──────── INFORMATION GIVEN ────────

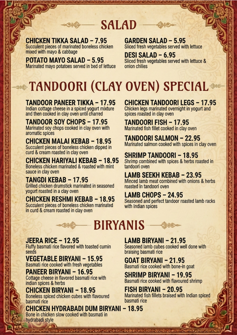 The Salad options are a mix of fresh and flavorful dishes, with choices like Chicken Tikka Salad and Potato Mayo Salad. The Desi Salad and Garden Salad also provide lighter, refreshing alternatives for those looking for a healthier option.
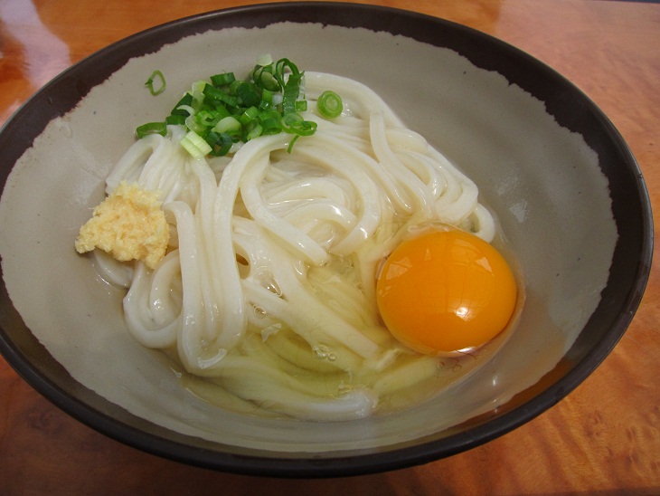 釜から直接うどんがドンブリに入れられ生卵を入れてクルリと混ぜられ青ネギが載せられ渡されました。
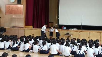 2学期がスタートしました。夏休み中に様々なスポーツ大会が開催されました。一輪車やソフトバレー、水泳などで活躍した児童への表彰が行われました。
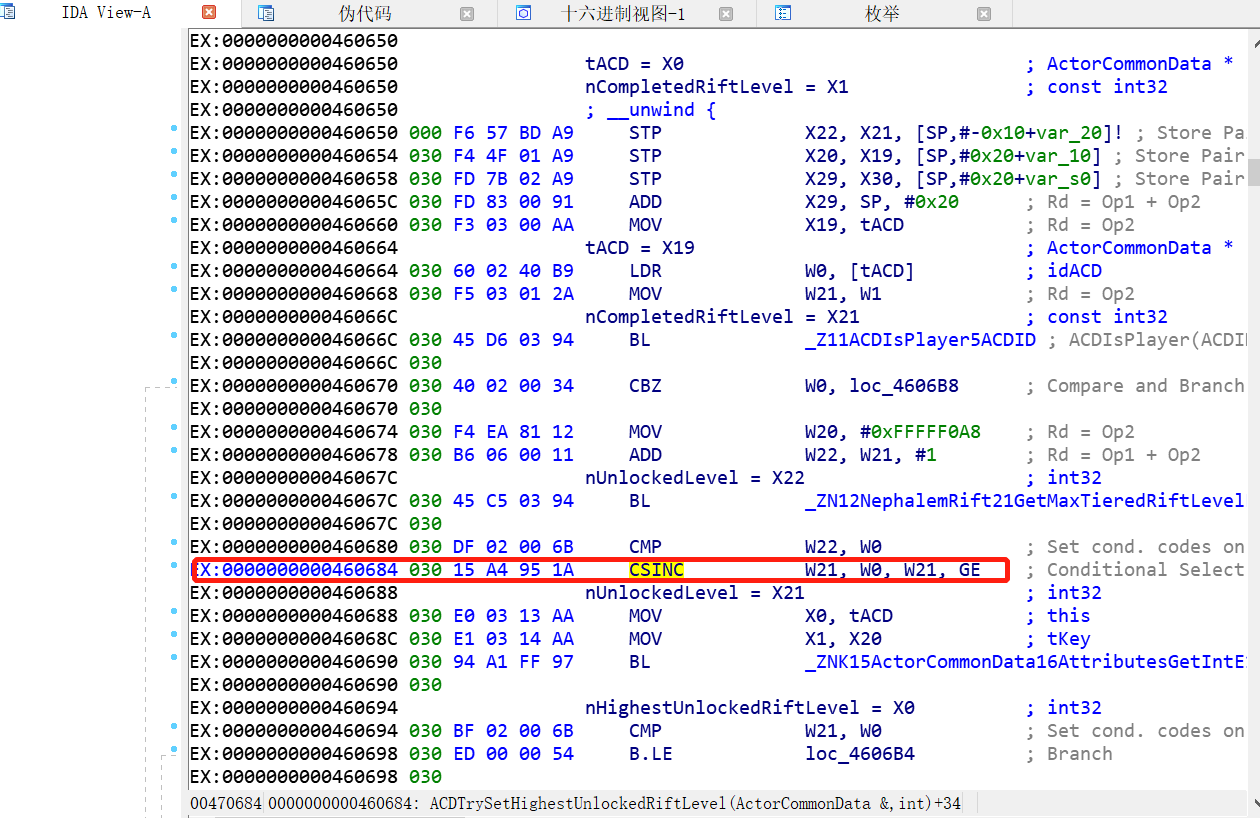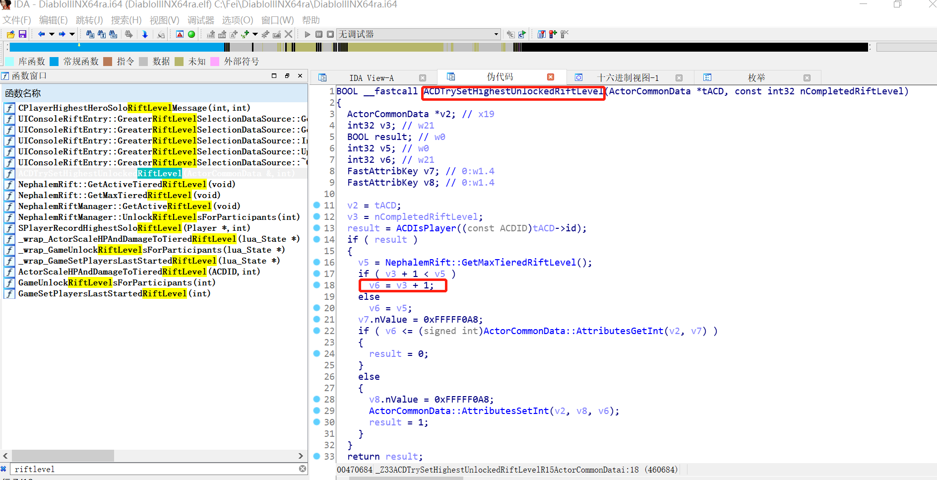 5. 接下来,我们讲解如何在通过一次大秘境后直接解锁最高层150层,大秘境又称奈非天裂隙,因此搜索riftlevel,发现函数ACDTrySetHighestUnlockedRiftLevel,点进去,找到要hack的地方,转到汇编,然后找到2.6.6的地址,做hack即可,我们把原指令改为mov w21,w0,就把最大层数(150)赋值给了w21,这样当我们通过任意一层大秘境时,最大层也被设置为了上限150
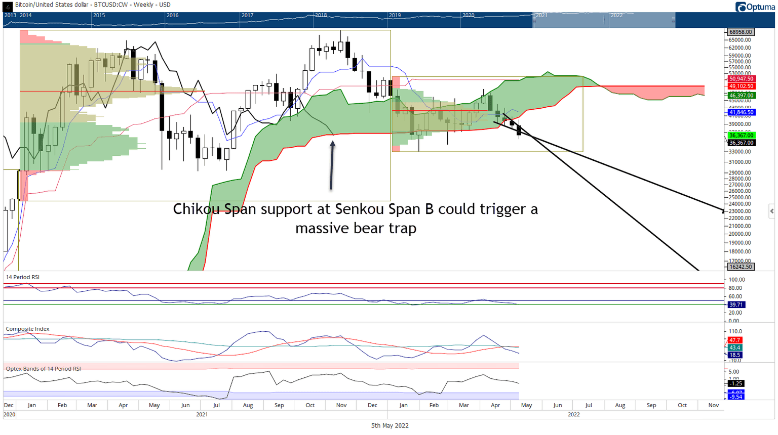 Bitcoin price action on the weekly Ichimoku chart is positioned for the single most bearish setup since November 2018. Bitcoin is in a confirmed Ideal Ichimoku Bearish Breakout - a condition that warns of prolonged bearish price action. While these events have happened in the past, the current setup is slightly different.
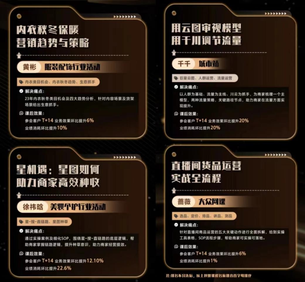 在榜單中,有針對美妝個護(hù)、服裝配飾、日化母嬰、食品飲料、3C電器等大眾消費(fèi)五大行業(yè)的垂直課程,也有來自大眾網(wǎng)課、城市站、巨量華佗等全行業(yè)項目的通識課程,其內(nèi)容涵蓋了直播、短視頻、人群運(yùn)營、貨品運(yùn)營等經(jīng)營策略,以及巨量千川、巨量云圖、巨量星圖等產(chǎn)品進(jìn)階攻略。
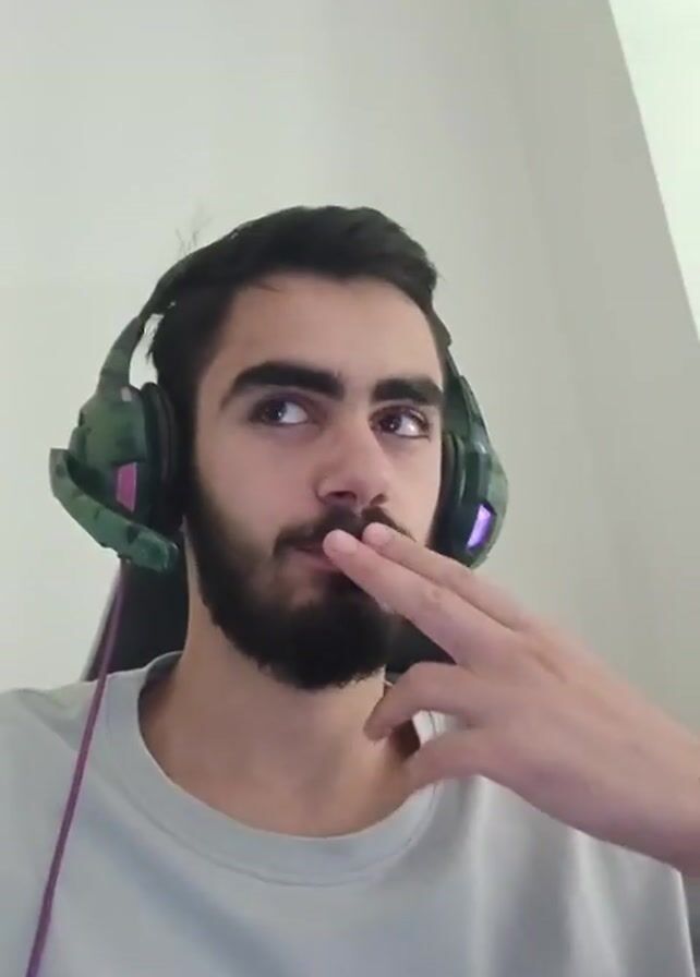 A man wearing headphones and a light gray t-shirt is seated in a chair. He is fair-skinned with a beard and dark hair. He holds up one finger and wags it. The camera lens then shows a reflection in a mirror, showing the same man now wearing a green t-shirt and glasses. He is seated at a desk with electronic equipment, and holds up one finger while giving the middle finger.
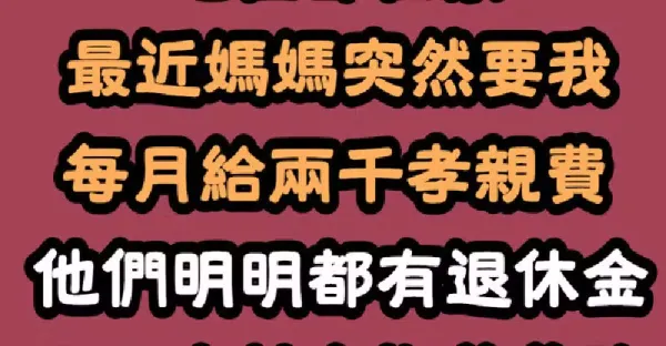 我月薪六萬多,吃住都在家,最近媽媽突然要我「每月給2千孝親費」他們明明都有退休金,而且本來就有撫養義務,我為什麼要給...
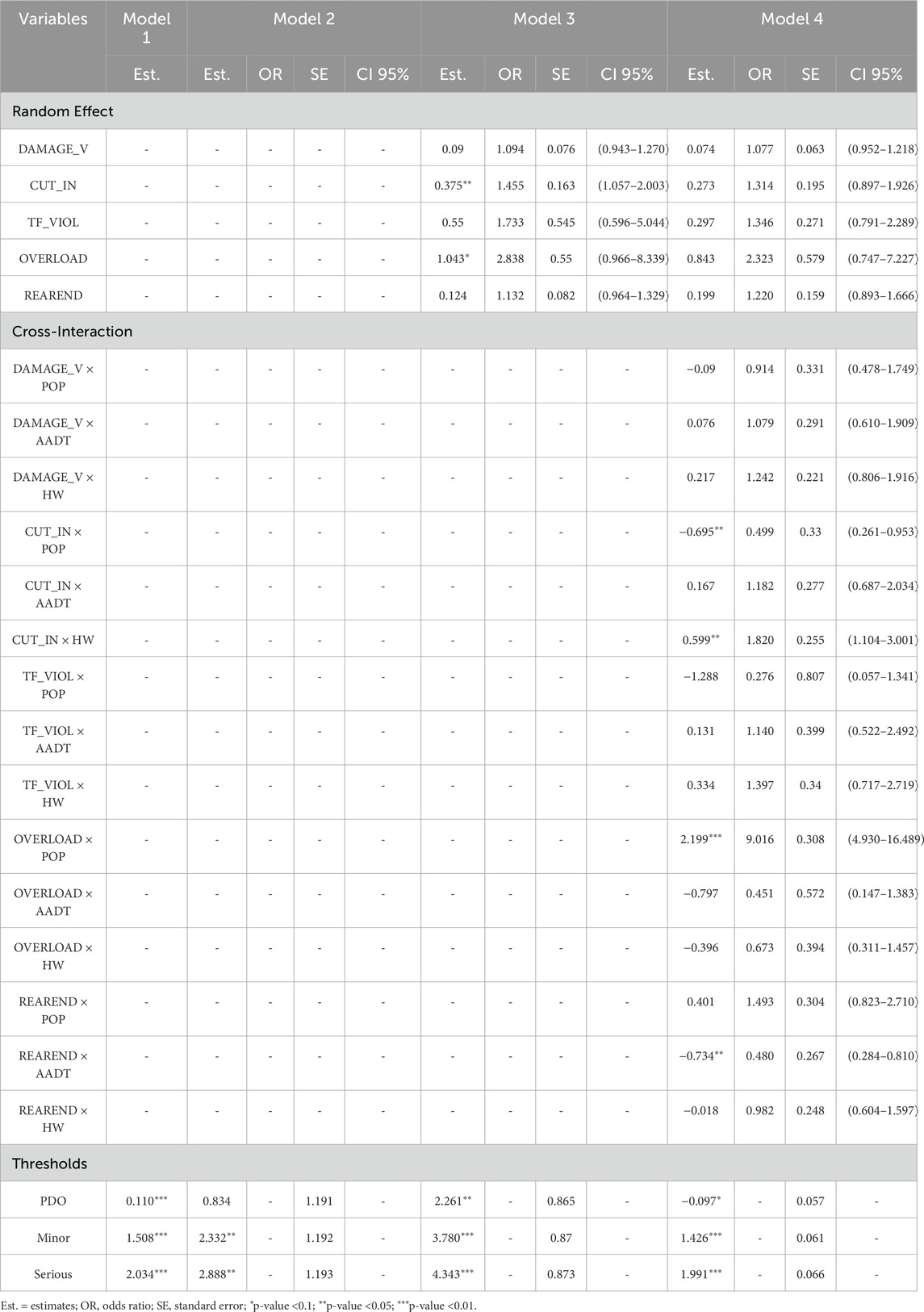 To comprehensively capture both direct effects and cross-level contextual influences, this study adopts a stepwise modeling strategy comprising four hierarchical models, progressing from a basic to a more complex structure. This modeling approach aligns with prior empirical studies such as Chen et al. (2015), who employed a hierarchical Bayesian multinomial logit model to examine truck driver injury severity in rural crashes, explicitly incorporating cross-level interaction effects. Similarly, Chen et al. (2016) utilized a hierarchical ordered logit model that integrated crash-level random effects to account for within-crash correlations and between-crash heterogeneity, emphasizing the importance of acknowledging the nested structure commonly found in traffic safety data.
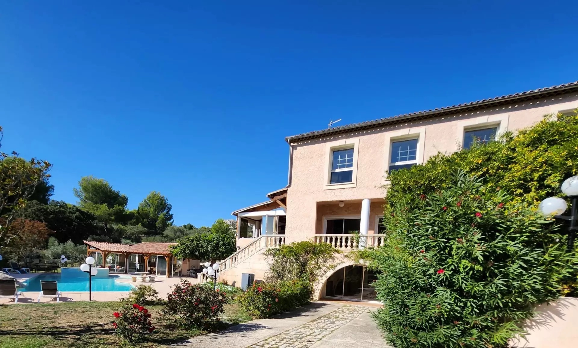 This beautiful Palladian house was built in 1988. A majestic automatic gate opens onto a beautiful driveway lined with olive trees and Mediterranean species.

────────

WORK TASK:
Reproduce exactly, with no pictures, the lines above from the one holding "我月薪六萬多,吃住都在家,最" to the one holding "To comprehensively capture", inclusive.

YOUR SOLUTION:
 我月薪六萬多,吃住都在家,最近媽媽突然要我「每月給2千孝親費」他們明明都有退休金,而且本來就有撫養義務,我為什麼要給...
 To comprehensively capture both direct effects and cross-level contextual influences, this study adopts a stepwise modeling strategy comprising four hierarchical models, progressing from a basic to a more complex structure. This modeling approach aligns with prior empirical studies such as Chen et al. (2015), who employed a hierarchical Bayesian multinomial logit model to examine truck driver injury severity in rural crashes, explicitly incorporating cross-level interaction effects. Similarly, Chen et al. (2016) utilized a hierarchical ordered logit model that integrated crash-level random effects to account for within-crash correlations and between-crash heterogeneity, emphasizing the importance of acknowledging the nested structure commonly found in traffic safety data.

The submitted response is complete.